В 1932 году Пастернак влюбился в Зинаиду Нейгауз, жену русского пианиста Генриха Нейгауза . Они оба развелись и поженились два года спустя.
Пастернак продолжал менять свою поэзию, упрощая стиль и язык на протяжении многих лет, что нашло отражение в его следующей книге « Ранние поезда» (1943).
В апреле 1934 года Осип Мандельштам прочитал Пастернаку свою « Сталинскую эпиграмму ». Прослушав ее, Пастернак сказал Мандельштаму: «Я этого не слышал, ты мне этого не рассказывал, потому что, знаешь, сейчас происходят очень странные и страшные вещи: они начали подбирать людей. Я боюсь, что у стен есть уши, и, может быть, даже эти скамейки на бульваре могут слушать и рассказывать. Так что сделаем вид, что я ничего не слышал». [24]

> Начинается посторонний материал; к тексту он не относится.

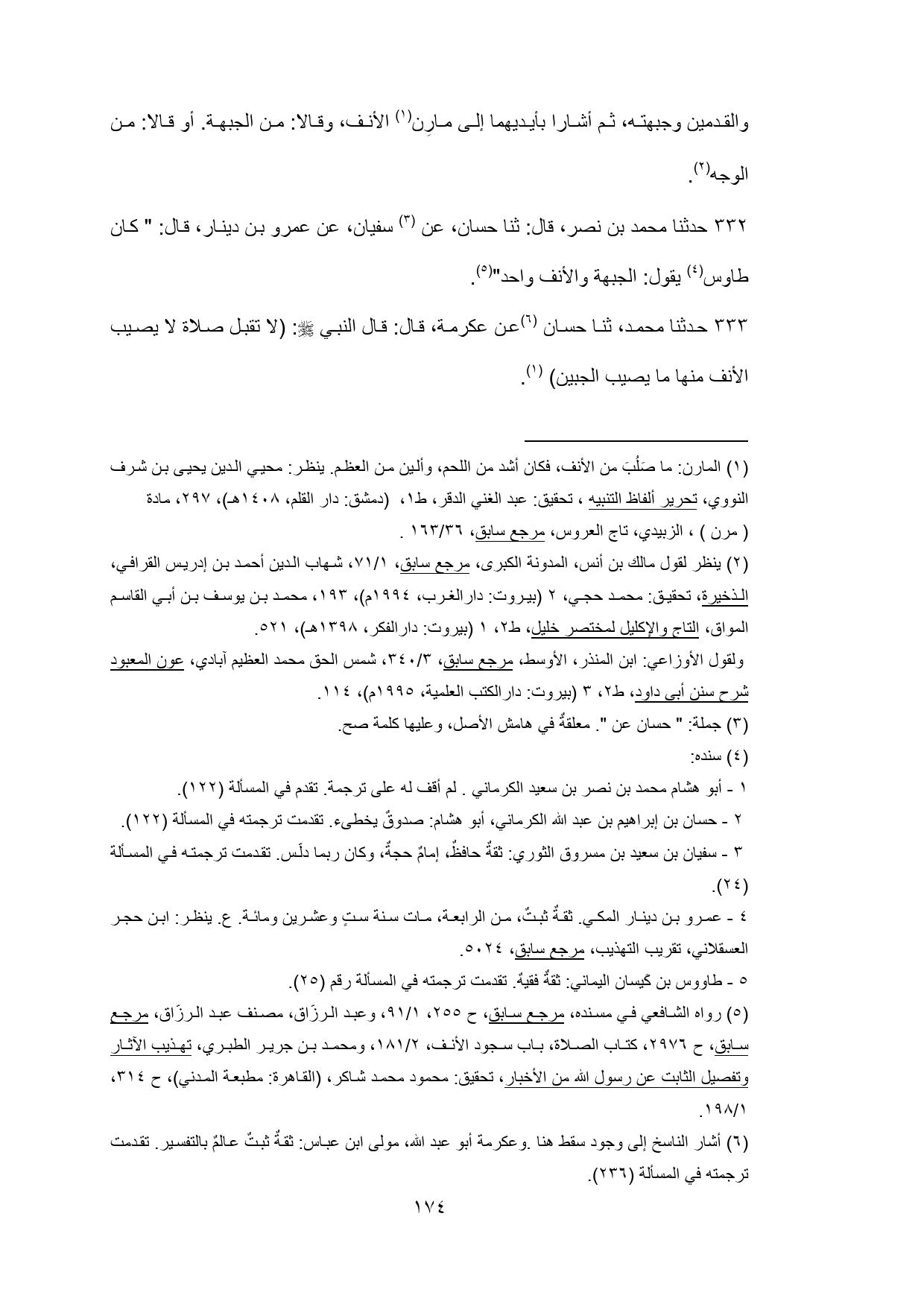332 - حدثنا محمد بن نصر، قال: ثنا حسان، عن (¬3) سفيان، عن عمرو بن دينار, قال: " كان طاوس (¬4) يقول: الجبهة والأنف واحد" (¬5).
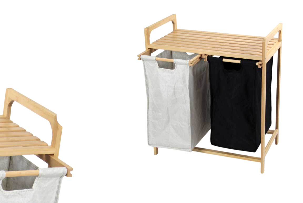 Descrizione: Organizza il bucato con stile grazie a questo pratico portabiancheria a due scomparti. La struttura è realizzata in bamboo naturale, resistente e leggero, che aggiunge un tocco di eleganza e calore all'ambiente. I due sacchi interni in tessuto (poliestere) permettono di separare facilmente i capi scuri da quelli chiari o i delicati, rendendo più semplice la gestione del bucato.

В ночь на 14 мая 1934 года Мандельштам был арестован у себя дома на основании ордера, подписанного начальником НКВД Генрихом Ягодой . Опустошенный, Пастернак немедленно отправился в редакцию «Известий» и умолял Николая Бухарина заступиться за Мандельштама.
Вскоре после встречи с Бухариным в московской квартире Пастернака зазвонил телефон. Голос из Кремля сказал: « С вами хочет поговорить товарищ Сталин ». [24] По словам Ивинской, Пастернак онемел. «Он был совершенно не готов к такому разговору. Но затем он услышал свой голос, голос Сталина, раздающийся по линии. Вождь обратился к нему довольно грубовато, неотесанно, используя привычную форму «ты» : «Скажите, что говорят в ваших литературных кругах об аресте Мандельштама? » ». Взволнованный, Пастернак отрицал, что была какая-либо дискуссия или что в Советской России остались какие-либо литературные круги. Сталин продолжил спрашивать его собственное мнение о Мандельштаме. В «жадной неуклюжей манере» Пастернак объяснил, что у него и Мандельштама совершенно разная философия относительно поэзии. Наконец Сталин сказал насмешливым тоном: «Я вижу, вы просто не умеете заступаться за товарища», и положил трубку. [24]
По словам Пастернака, во время показательного суда 1937 года над генералом Ионой Якиром и маршалом Михаилом Тухачевским Союз советских писателей попросил всех членов добавить свои имена к заявлению в поддержку смертной казни для обвиняемых. Пастернак отказался подписывать, даже после того, как руководство Союза посетило его и угрожало ему. [25] Вскоре после этого Пастернак обратился напрямую к Сталину, описав сильные толстовские убеждения своей семьи и предоставив свою собственную жизнь в распоряжение Сталина; он сказал, что не может выступать в качестве самозваного судьи жизни и смерти. Пастернак был уверен, что его арестуют, [25] но вместо этого Сталин, как говорят, вычеркнул имя Пастернака из списка расстрелов, как сообщается, заявив: «Не трогайте этого облачного жителя» (или, по другой версии, «Оставьте этого юродивого в покое!»). [26]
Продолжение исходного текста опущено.